The company's strength lies in its robust revenue growth and solid return on equity, but weaknesses in free cash flow and margin performance, coupled with industry cyclicality, temper our enthusiasm. The Hold rating reflects a balanced view, acknowledging PIPR's potential while remaining cautious about its challenges and the broader macroeconomic environment. Investors should monitor the company's ability to improve its free cash flow and margin performance to justify a more bullish outlook.
Business Strategy & Overview
Piper Sandler Companies operates as a full-service investment bank and institutional securities firm, providing a range of financial services to corporations, private equity groups, public entities, non-profit organizations, and institutional investors. The company's revenue streams are diversified across investment banking (including M&A advisory, equity and debt financing), institutional sales and trading, and asset management. A key aspect of their strategy involves focusing on specific sectors, such as healthcare, financial services, energy, and technology, allowing them to develop specialized expertise and build strong relationships with clients in these areas.
The company's strategic positioning emphasizes middle-market investment banking, where they aim to be a leading advisor and capital provider. This focus allows them to avoid direct competition with larger bulge-bracket firms while still capturing significant deal flow. Piper Sandler also differentiates itself through its strong research capabilities, which support its sales and trading activities and provide valuable insights to its clients. The company's expansion strategy includes both organic growth and strategic acquisitions, aimed at broadening its service offerings and geographic reach.
Piper Sandler's business model is inherently cyclical, with revenue and profitability heavily influenced by market conditions and deal activity. During periods of economic expansion and strong capital markets, the company benefits from increased M&A activity, higher trading volumes, and greater demand for financing. Conversely, during economic downturns or periods of market volatility, deal activity tends to slow down, negatively impacting the company's revenue and earnings. The company attempts to mitigate this cyclicality through diversification of its revenue streams and a focus on recurring revenue sources, such as asset management fees.

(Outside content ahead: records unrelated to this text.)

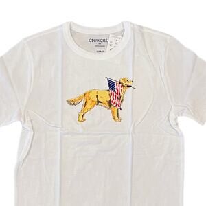NWT J. Crew Boys' White W/Patriotic Flag 4th of July Dog Graphic Tee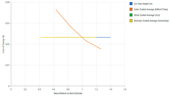 Sensitivity analysis in HOMER Pro identifies how changes in input variables affect microgrid performance, which is crucial for optimizing design and ensuring reliability under diverse conditions in hybrid systems. Table 4 presents crucial variables affecting microgrid simulations in HOMER Pro, including solar radiation, wind speed, hub height, and biomass quantity, essential for accurate energy system modeling.
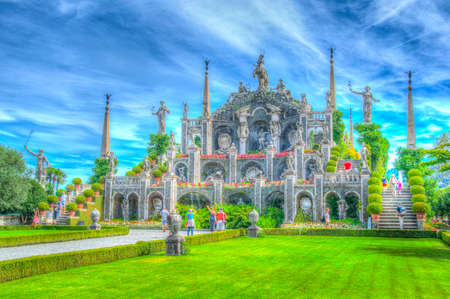 ISOLA BELLA, ITALY, JULY 27, 2017: People are strolling next to the beautiful fountain inside of gardens of the Borromeo Palace on Isola Bella, Italy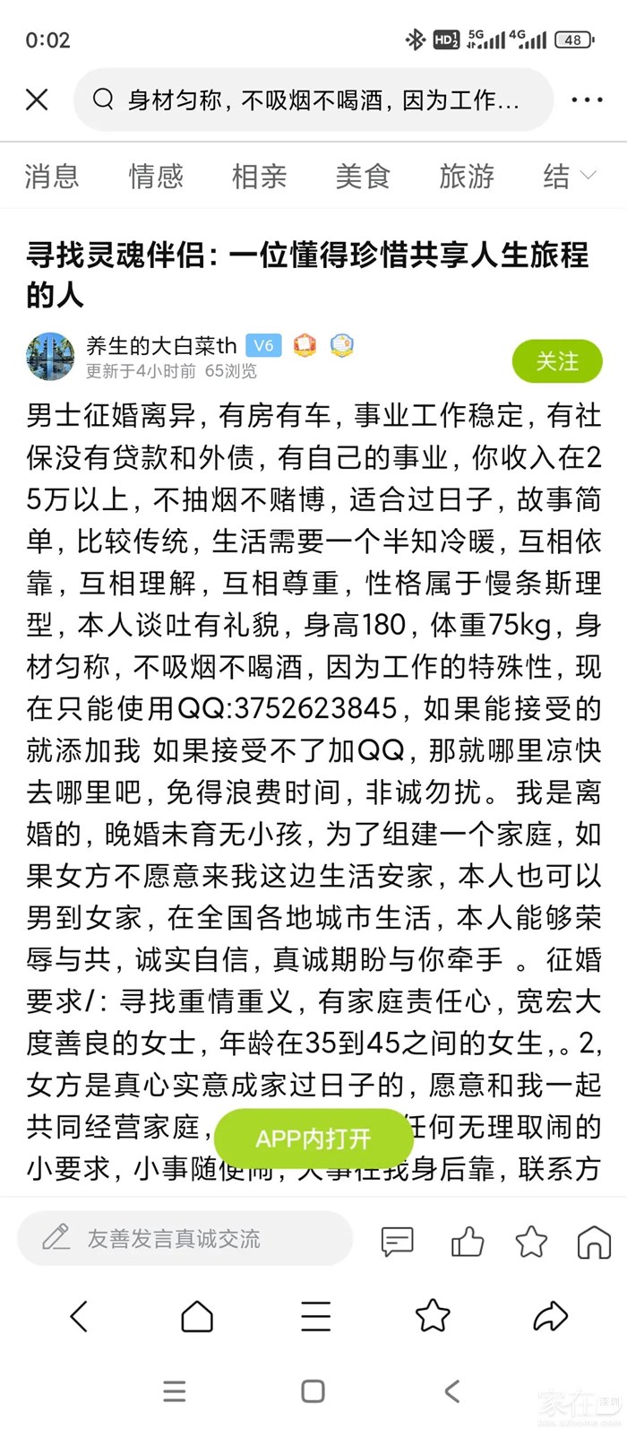 男士征婚离异,有房有车,事业工作稳定,有社保没有贷款和外债,有自己的事业,你收入在25万以上,不抽烟不赌博,适合过日子,故事简单,比较传统,生活需要一个半知冷暖,互相依靠,互相理解,互相尊重,性格属于慢条斯理型,本人谈吐有礼貌,身高180,体重75kg,身材匀称,不吸烟不喝酒,因为工作的特殊性,现在只能使用QQ:3752623845,如果能接受的就添加我 如果接受不了加QQ,那就哪里凉快去哪里吧,免得浪费时间,非诚勿扰。 我是离婚的,晚婚未育无小孩,为了组建一个家庭,如果女方不愿意来我这边生活安家,本人也可以男到女家,在全国各地城市生活,本人能够荣辱与共,诚实自信,真诚期盼与你牵手 。 征婚要求/:寻找重情重义,有家庭责任心,宽宏大度善良的女士,年龄在35到45之间的女生,。2,女方是真心实意成家过日子的,愿意和我一起共同经营家庭,可以满足你的任何无理取闹的小要求,小事随便闹,大事往我身后靠,联系方式 3752623845 。本信息的所有权属陈先生,谢绝转载本人信息,谢绝抄袭信息内容,谢绝改写摘编信息内容,我比较老实勤快,不会那么多甜言蜜语,希望未来的他相互信任,一起完成人生大事 ,私信不回,可以直接添加我的联系方式。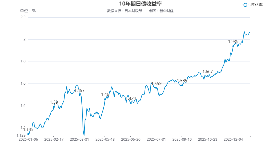 通胀方面,全年核心CPI均值约3.2%,连续44个月高于日本央行2%目标。成本推动为主,但下半年服务价格因薪资上涨显现内生压力。日本央行于12月19日将政策利率上调至0.75%(30年新高),标志货币政策转向控通胀。10年期国债收益率12月29日升至2.03%。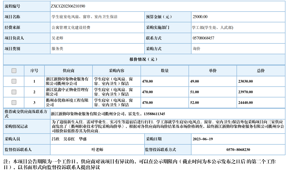 开元网页版学生寝室电风扇、窗帘、室内卫生保洁自行采购信息公示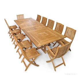 - 8+ Seaters – GOLDENTEAK’s teak patio dining sets for 8 – 14 guests allow you to host grand outdoor dinners or garden parties with ease. Most of the larger tables are extension tables, allowing the customer to use the set configured for 8 guests on a usual basis, and then expand it to 10 to 14 guests by extending the table by one leaf or two. These large teak outdoor dining sets are very popular with customers that entertain in style and those that have large families, children, cousins, grand children, nieces and nephews.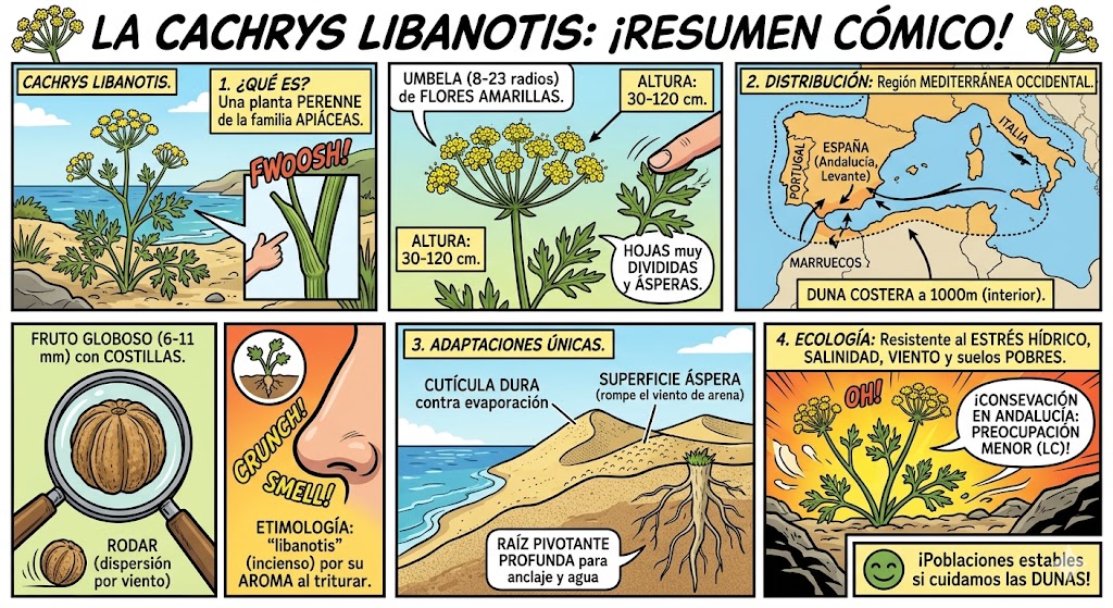 La Cachrys libanotis es una planta herbácea perenne perteneciente a la familia de las Apiáceas (umbelíferas). Es la especie tipo de su género y destaca por su adaptación a entornos costeros y áridos del Mediterráneo.

The company's recent performance reflects the broader trends in the investment banking industry. The surge in revenue growth in FY2025 compared to previous years suggests a favorable market environment for dealmaking and capital raising. However, the fluctuating quarterly results highlight the inherent volatility of the business. Piper Sandler's ability to maintain its market position and continue to grow its business will depend on its ability to adapt to changing market conditions, attract and retain talented professionals, and effectively manage its capital.
Execution Benchmarks audit
Revenue Growth
YOY expansion rate
40.8%
Sector: 9.4%
+336% VS SCTR
Economic Moat Analysis
Piper Sandler's economic moat can be classified as Narrow. The company benefits from intangible assets, specifically its reputation and expertise in certain niche sectors, particularly in middle-market investment banking. This specialization allows them to command higher fees and attract clients who value their industry-specific knowledge. However, the investment banking industry is highly competitive, and reputation alone is not sufficient to create a wide moat.
Switching costs for clients are relatively low, as companies can easily switch between investment banks for different transactions. While established relationships are important, they do not create a significant barrier to entry for competitors. Furthermore, the industry is characterized by a high degree of talent mobility, meaning that key employees can move between firms, potentially eroding any competitive advantage based on human capital.
Network effects are limited in Piper Sandler's business. While a strong network of relationships is crucial for deal sourcing and distribution, these networks are not exclusive and can be replicated by competitors. The company does not possess any significant cost advantages, as its cost structure is largely dependent on compensation expenses, which are relatively similar across the industry. Efficient scale is also not a major factor, as the investment banking industry is not characterized by significant economies of scale.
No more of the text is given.